Support M600 filament swaps
Now that we have multi-color rendering to properly preview multi-color prints, the API for extrusionColor was updated to allow an array of colors.
ex. extrusionColors: ['#CF439D', 'rgb(84,74,187)', 'white', 'rgb(83,209,104)'],
But there is another way to use muliple colors for a print, which is a filament swap. This works by manually or automatically changing the filament at a certain layer. In GCode this is controlled via the M600 command.
This technique enables for instance multi-color signs and even color mixing in 2d (hueforge)
The obvious API for this sequence of colors would also be an array. But the question then is: how to define a possible combination of sequential and concurrent colors? Nesting arrays would be confusing.
For tool based multi-color it is known in advance which color is associated with which too. At least that correspondence doesn't change during the print.
For filament swaps, you cannot know how many swaps there will be. The whole gcode stream will have to be processed. And it just depens on what tool is active at that moment. That makes filament swap much more dynamic and less predictable.
Then there are systems, like the AMS from Bambulab that will allow you to continue on the next roll when the first is used up. Since GCode preview doesn't know anything about spools of filament it is impossible te predict when and where to do a color change without extra information. Therefore, I would suggest that this type of filament swap is out-of-scope for this ticket.
So supporting M600 but not sensor based filament swaps, is the focus.
My first suggestion for the api is to define an extra array: swapColors: []. Whenever an M600 is encountered, the next color in this array is used.
I think we are too focused on rendering the actual color of the filament.
There's an expectation of accuracy when visualizing gcode but sometimes we don't have the information and we should abstract it out.
Let's think about representing the changes with color indexes rather than trying to map colors to the actual world! My slicer, for example, does not care about what colors I loaded in to each extruders. Tool 1 is always orange, tool 2 is pink, etc.
Before the gcode is loaded, we can't know how many color changes there will be. But we can loop through a default array that indicates that the color changed. In the case of M600, an array of two is enough to understand what is going on during the print. If the user wants to make it pretty, they can add more colors to the array. It's pretty unlikely that the array will be longer than 10 colors, different or duplicated, because it's a manual change that would be super annoying in the first place.
Why would we use a different param than the existing extrusionColor? It is an array, and we can loop through it. We don't have to have it indexed and mapped perfectly to the number of M600s in the file.
but which color would we pick then, from the extrusionColor arrray?
We also don't know how many tool indices the print will use without processing all of the gcode.
So I don't think we can share a simple array between the tool changing and the filament swaps.
What I want with this feature is to allow users to actually preview their print with the colors that they've planned. It would also be nice to have a fallback for the case where there are not enough colors specified up front for all of the swaps. Like you said we could just loop through the array.

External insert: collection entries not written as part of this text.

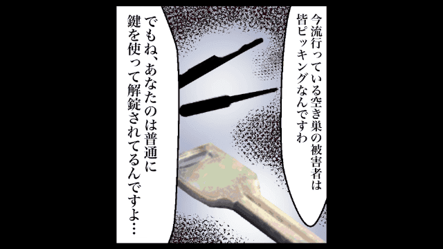 空き巣がピッキングをするのに対し、主人公の家のドアは鍵で開けられていたと言う警察官。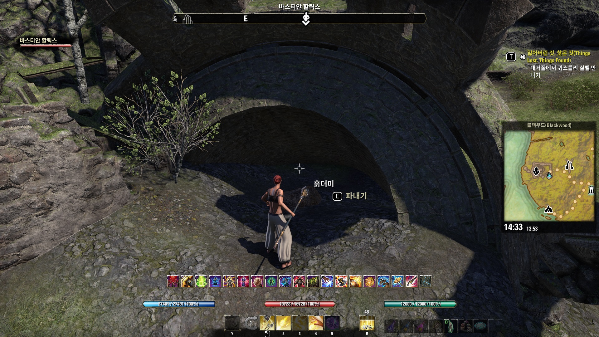 게임창고/엘더스크롤 시리즈 엘더스크롤 온라인, Blackwood Treasure Map I (블랙우드) by 귀여운앙꼬 2025. 1. 3. 반응형 레이야윈(Leyawiin) 남동쪽 해안가에 위치한 폐허가 된 요새의 외부 동남쪽 모서리 부분에 가면 무너진 성루가 있는데, 그 안쪽에서 찾을 수 있다. 반응형 공유하기 게시글 관리 앙꼬의 작업실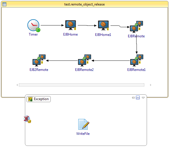 EJBRemote1 | is activity invokes a remote method on the remote object which is created by the EJBHome1 activity. The Release Remote Object check box is clear in Advance tab of this activity. |
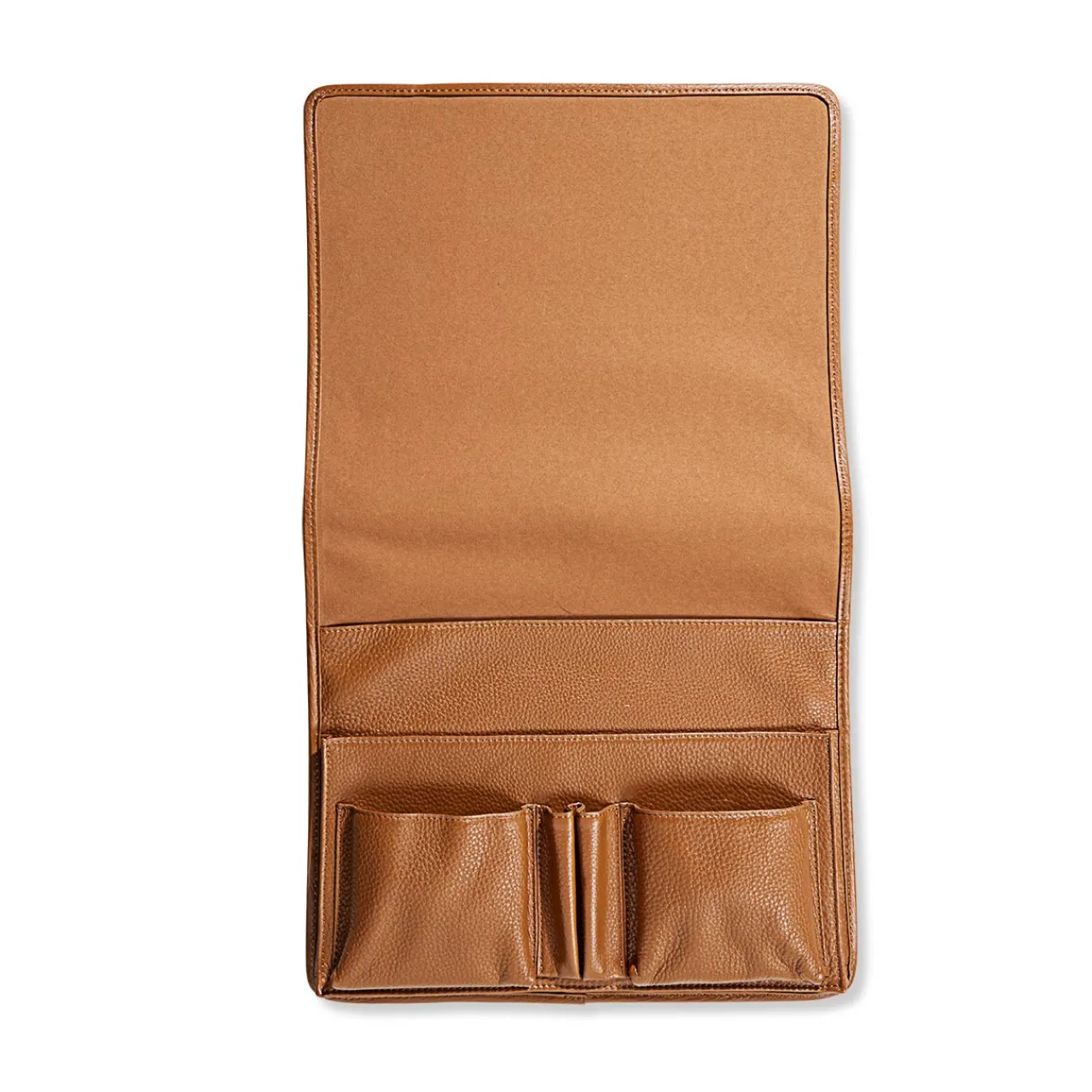 If you love reading in bed, this take-with-you caddy, crafted in soft leather, tucks sweetly under the mattress—and it’s equally useful thrown over the arm of a sofa or chair. Keep your reading materials, eyeglasses, journal and pens close at hand at bedtime, or use in the TV room to hold magazines, newspapers and all the remotes, too. Crafted in our lusciously soft full-grain leather and lined in microsuede to keep tools protected, the Bedside Companion helps minimize clutter on desks and nightstands and makes your essentials fully portable.

toolchanging does complicate things a little bit. I will be harder for users to create that array for swapped colors. So maybe each tool should have it's own array of colors.... but that seems a bit unwieldy.
but thinking about what you've said again.. I think you're making the case that M600's not very convenient and there less of a priority? I must say I was a little confused myself because my slicer converts 'color changes at Z=something' to tool changes.. So I'm not even using M600 in the way I thought for a minute.
I'll think about it
but which color would we pick then, from the extrusionColor arrray?
I'm thinking about naively starting at index 0 and increment at each M600 until it's time to loop back to 0. So if there are two colors, it will just switch between the two. I'm not sure about what to do when there is only a single color. Should we have a default colors list to fallback to? Or slightly change the brightness? Do nothing?
I'm pretty sure that setting a default value for extrusionColor that is an array would seamlessly allow users to see M600s without having to change their config if they are using the defaults:
static readonly defaultExtrusionColor = [new Color('hotpink'), new Color('lime')];
Users that are already specifying a single color won't technically see that as a breaking change because M600 was not supported before. I will not change the result they used to get unless we implement a fallback.